Activity
Starting with the line with "Trixie transporter rowerowy" in the entries below and going on through the line with "The Finissage of", output every line exactly and nothing more. No pictures.

Records to use
* * * * *

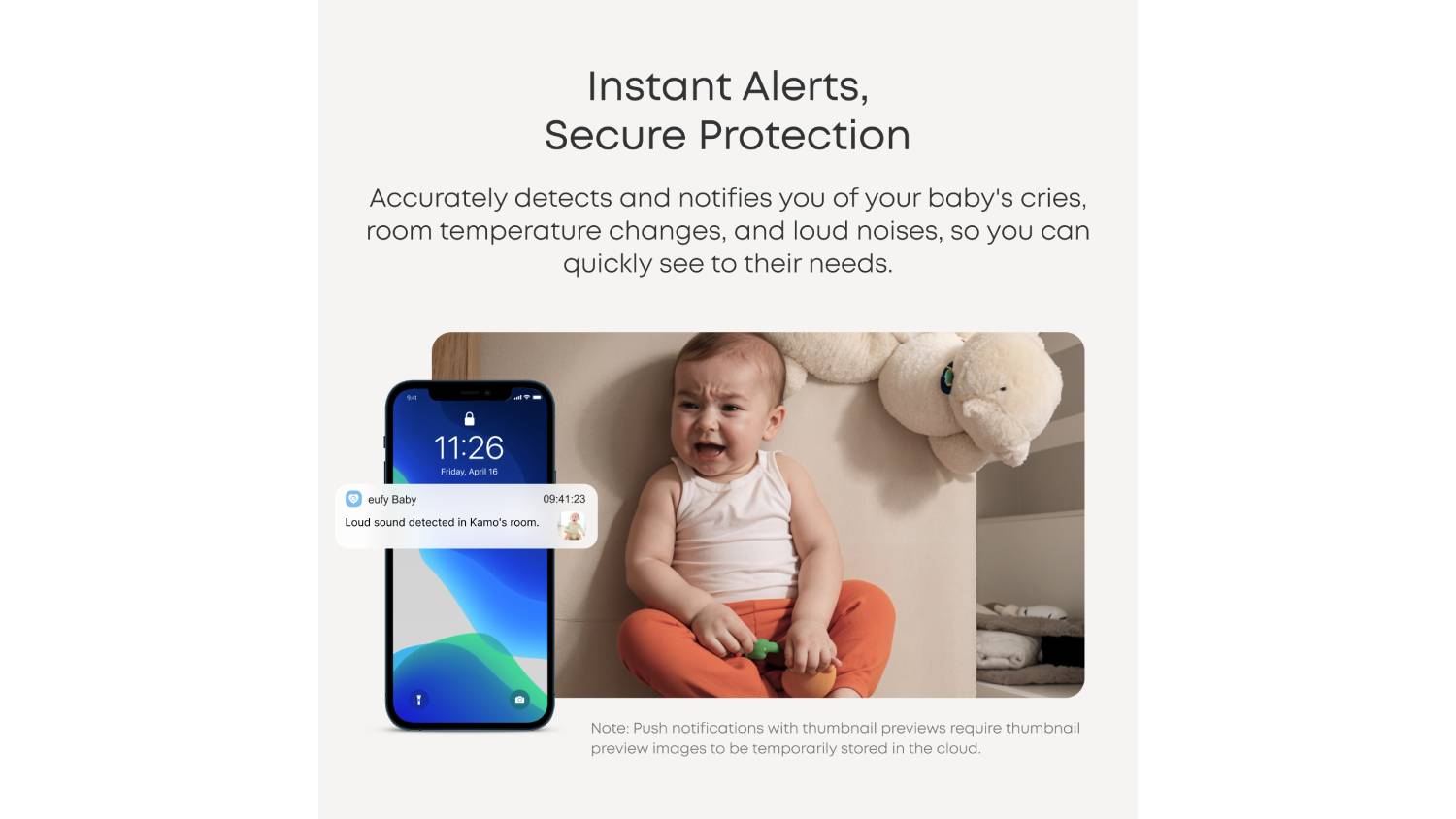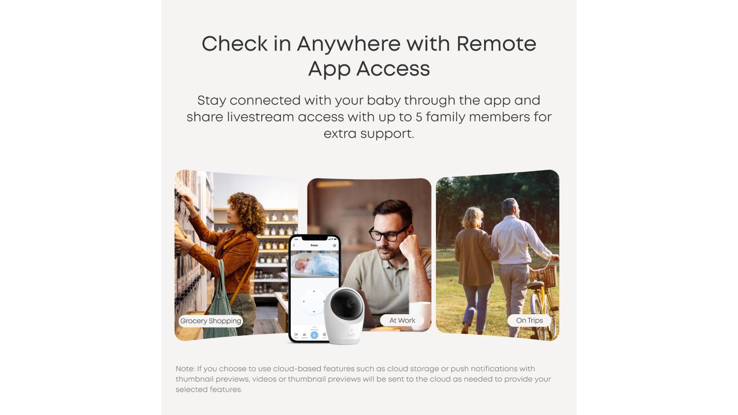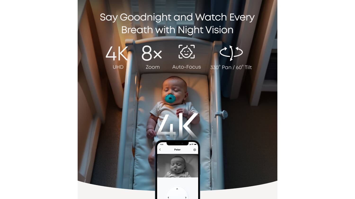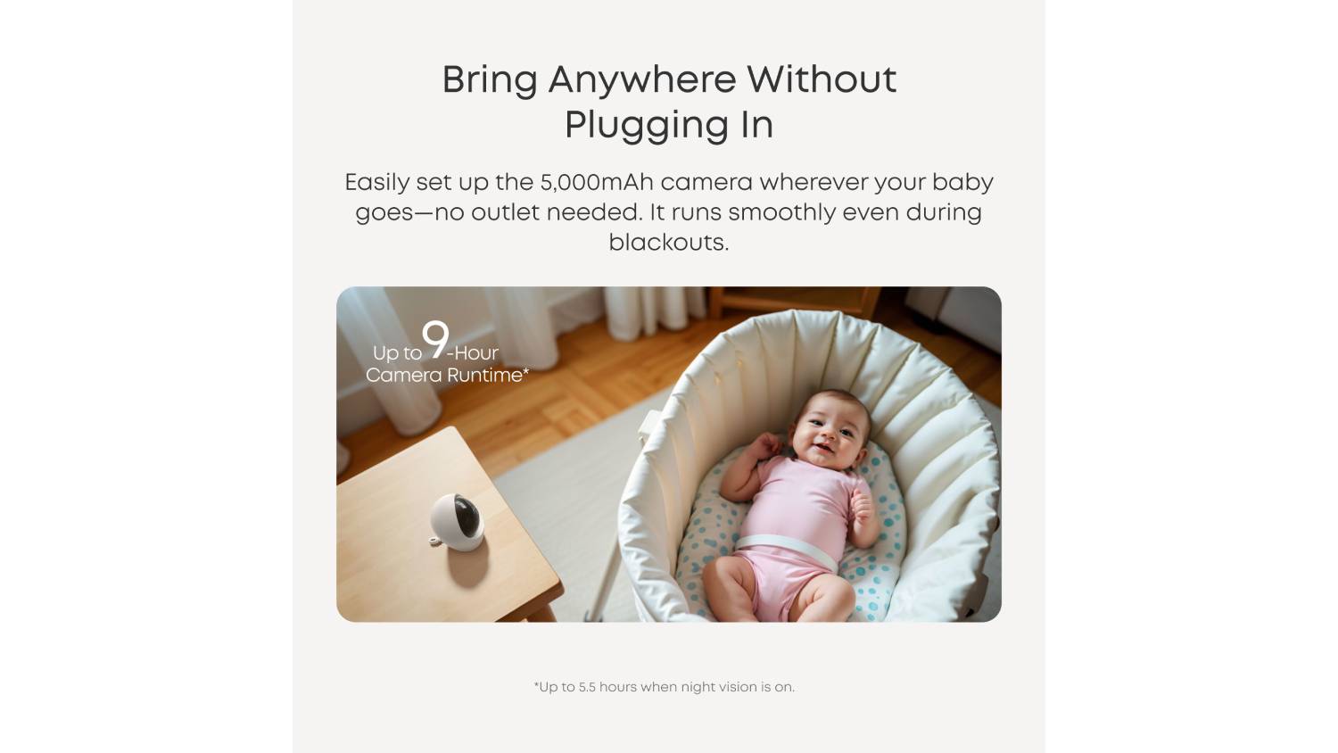 Double the love, double the view. Effortlessly activate the split-screen function on your Eufy Baby Monitor by pairing it with the Eufy E21 Add-On Camera. Featuring 4K UHD resolution and various movement functions, this device lets you keep a close eye on two kids or get a wider view of your little one’s nursery. Additionally, this unit showcases a palm-sized structure and is powered by a 5,000mAh battery, so you can utilise it at home or during travels.
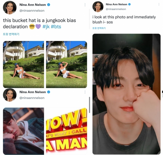 니나 앤 넬슨은 'this bucket hat is a jungkook bias declaration♥ #jk #bts'(이 버킷햇(벙거지모자)은 정국 최애라는 공개적인 고백이야♥ #jk #bts) 라는 글과 사진 2장을 게재했다.
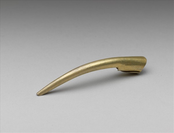 弓形,從基部到指尖漸漸變細,素面,背部作空格式。此器與故雜3978為一對。
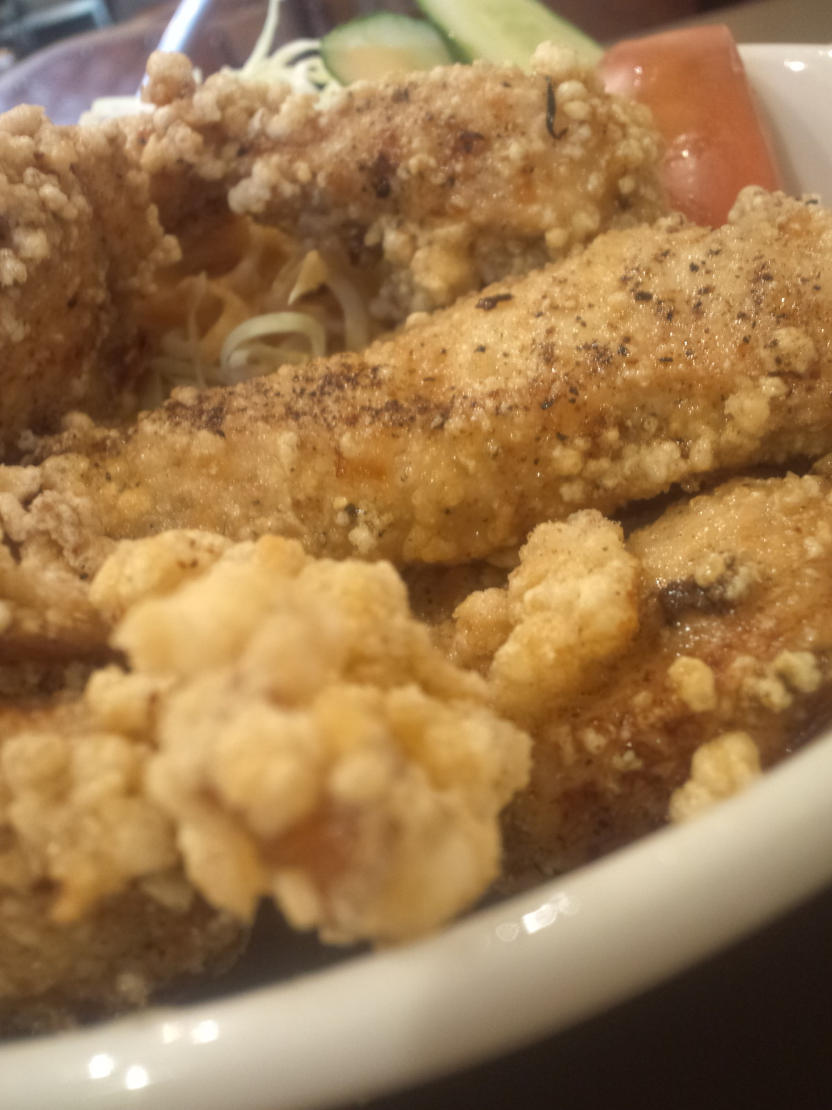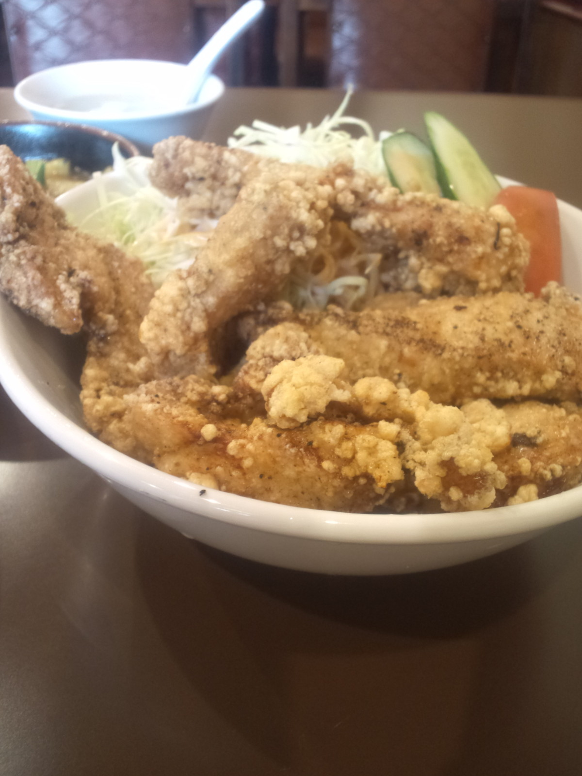 唐揚げは胸肉の細切りチックなもの。ちと前に神保町の某店で食べた、チキンフライよりは太くてしっかりです。サクみは少なめですが、ほぼ揚げたてのため、パサはないですね。
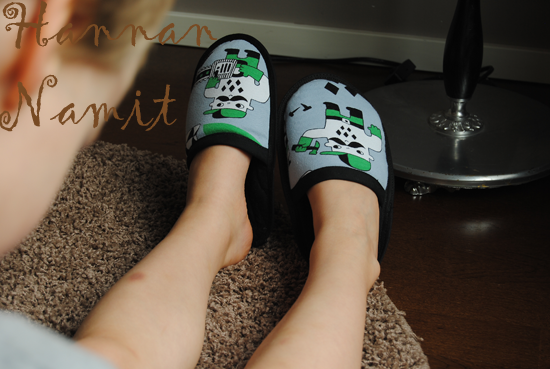 Jotenkin nämä ompelut kulkevat aika tavalla samaa tahtia viime vuoden kanssa :D. Viime vuonna ompelin pojalle tossuja (klik) suunnilleen samaan aikaan vuodesta.
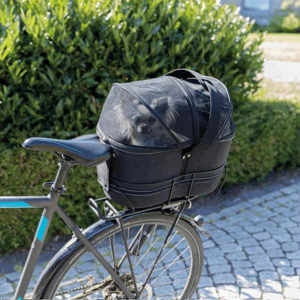 Trixie transporter rowerowy na wąski bagażnik o wymiarach 8,5-12 cm jest idealny do transportu psów i kotów do wagi 6 kg. Wykonany z wytrzymałego, trwałego poliestru. Posiada wstawki z siatki dla polepszenia cyrkulacji powietrza, miękką wyściółkę z flauszu oraz krótką smycz. Transporter można ściągnąć ze stelaża, dzięki błyskawicznemu odpięciu rzepów i używać poza rowerem. Odblaskowe paski dodatkowo zwiększają bezpieczeństwo Twoje i pupila. Szybki i prosty montaż na bagażniku rowerowym. Należy pamiętać o maksymalnej ładowności kosza. Cierpliwie zapoznaj pupila z koszem przed pierwszą podróżą, użyj krótkiej smyczy aby zabezpieczyć psa w podróży.
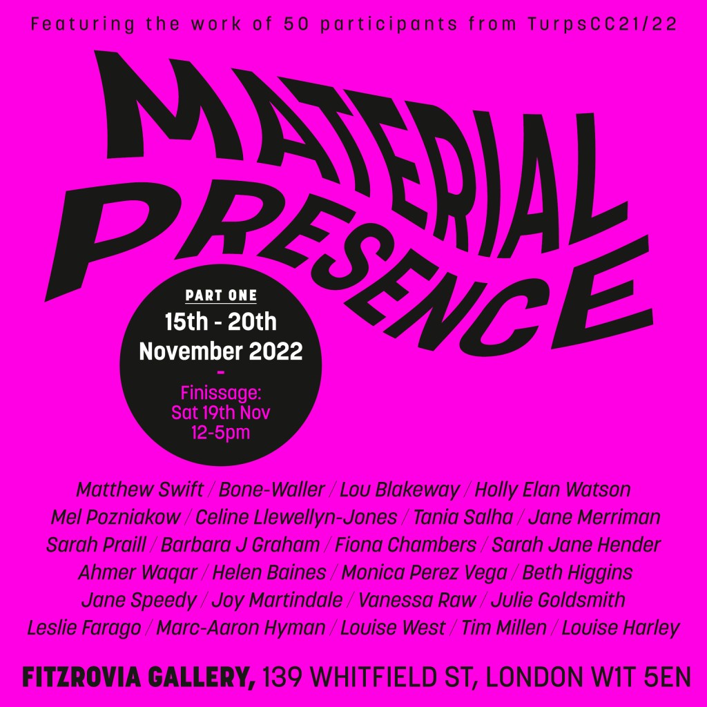 The Finissage of Material Presence Part 2 is today, 26th November, 12-5pm at Fitzrovia Gallery and the last day of the exhibition is tomorrow (10am-3pm)
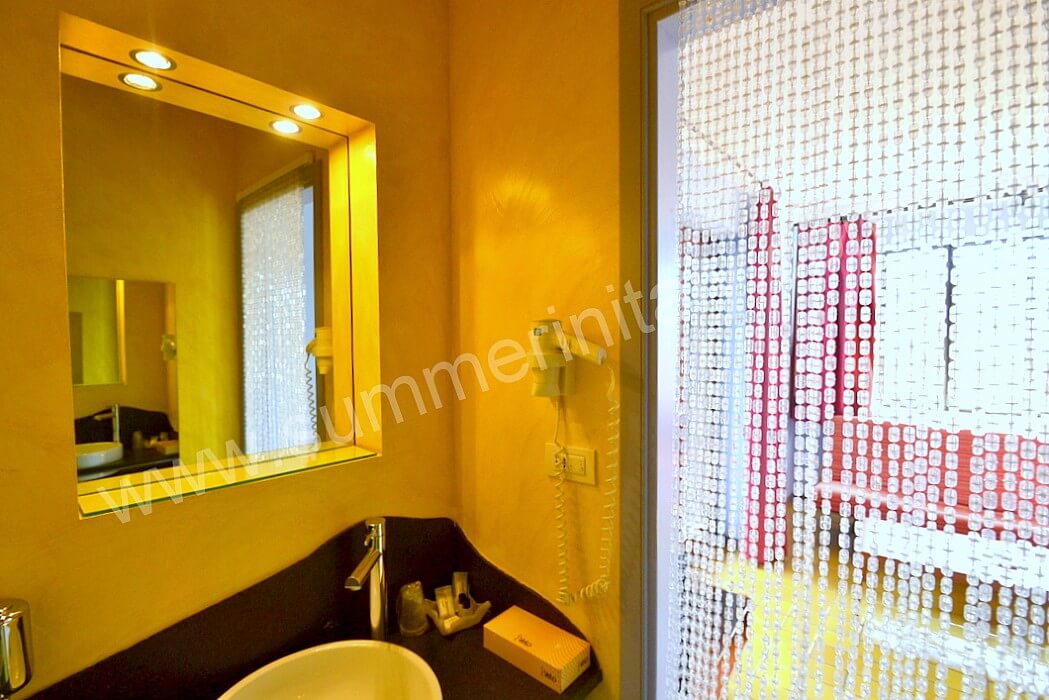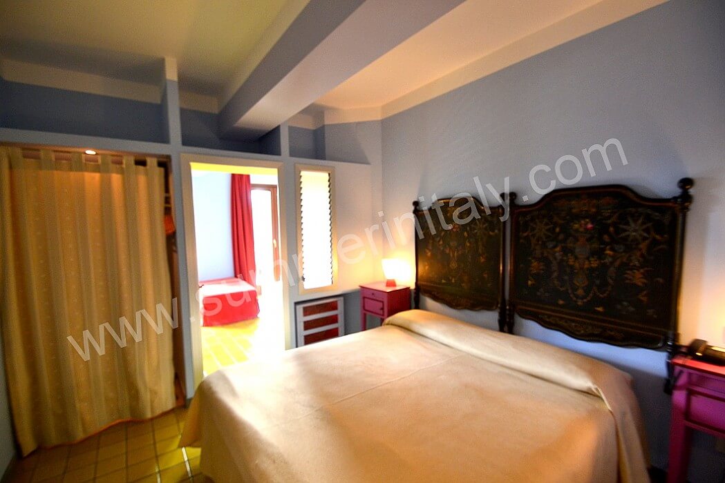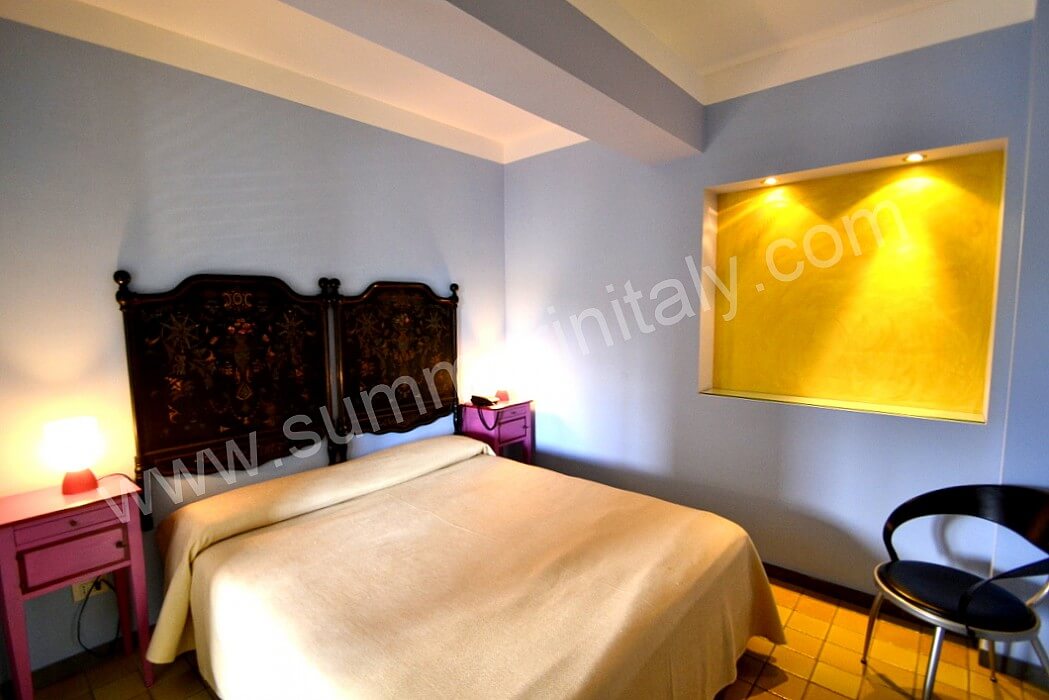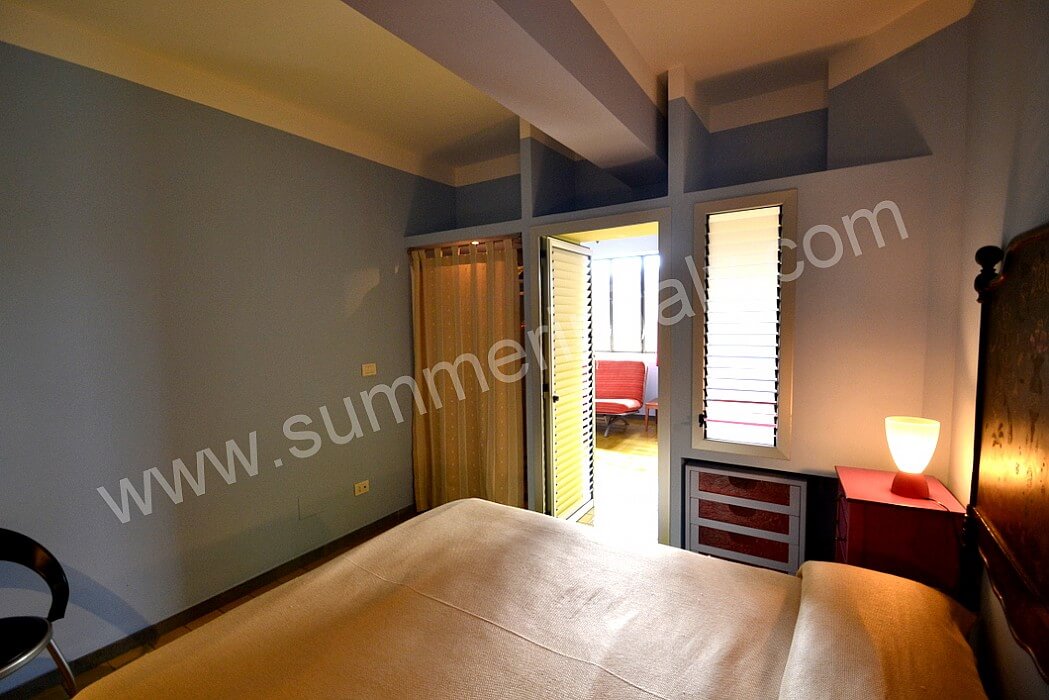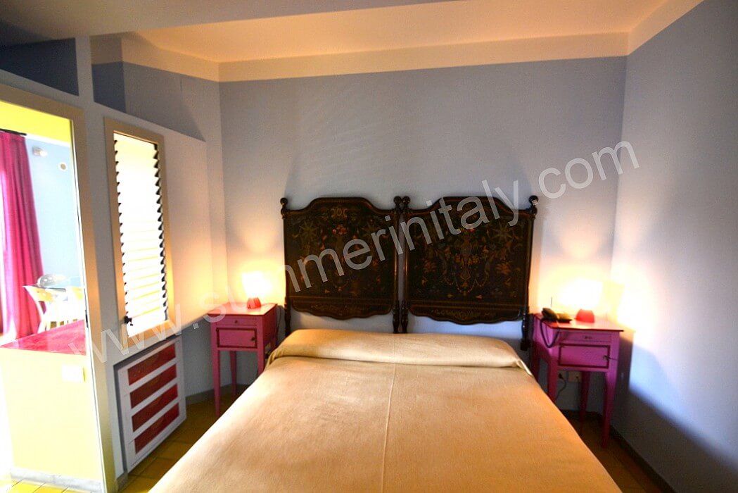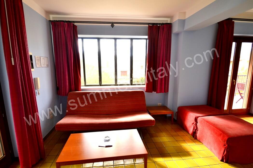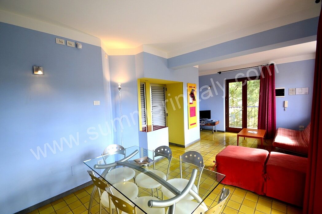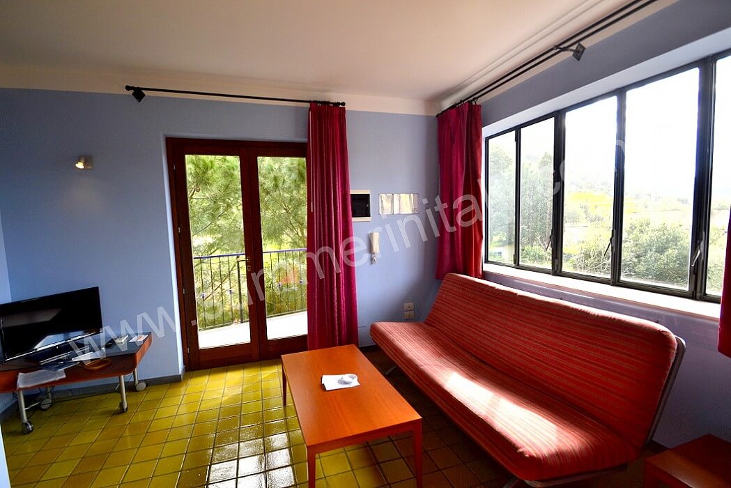 The furnishings of the living room are modern and comfortable. The furnishings include a divan bed for one guest. In the living room you will also find a cooking area. The kitchenette is equipped with a four-burner gas cooker, a small refrigerator with freezer, an Italian-style coffee-maker and other small appliances. The dining table can accommodate six guests. In this room you will find a television (local channels). From the living room you will be able to enter the terrace through two double-glazed French doors. The room also has a double-glazed large panoramic window with a view of greenery and of the surrounding houses. It is equipped with an air conditioning/heating unit.
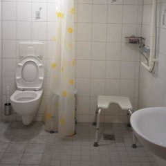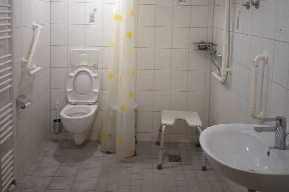 - Sanitärraum mit Dusche, WC, Waschtisch und Waschmaschinenanschluss
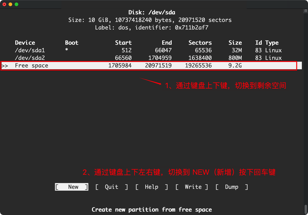 SSH 终端运行 cfdisk 命令进入磁盘分区界面,通过键盘上下键切换到 Free space (剩余空间),左右键切换至 NEW (新增分区),然后按下回车键。

* * * * *

Result for this task
 Trixie transporter rowerowy na wąski bagażnik o wymiarach 8,5-12 cm jest idealny do transportu psów i kotów do wagi 6 kg. Wykonany z wytrzymałego, trwałego poliestru. Posiada wstawki z siatki dla polepszenia cyrkulacji powietrza, miękką wyściółkę z flauszu oraz krótką smycz. Transporter można ściągnąć ze stelaża, dzięki błyskawicznemu odpięciu rzepów i używać poza rowerem. Odblaskowe paski dodatkowo zwiększają bezpieczeństwo Twoje i pupila. Szybki i prosty montaż na bagażniku rowerowym. Należy pamiętać o maksymalnej ładowności kosza. Cierpliwie zapoznaj pupila z koszem przed pierwszą podróżą, użyj krótkiej smyczy aby zabezpieczyć psa w podróży.
 The Finissage of Material Presence Part 2 is today, 26th November, 12-5pm at Fitzrovia Gallery and the last day of the exhibition is tomorrow (10am-3pm)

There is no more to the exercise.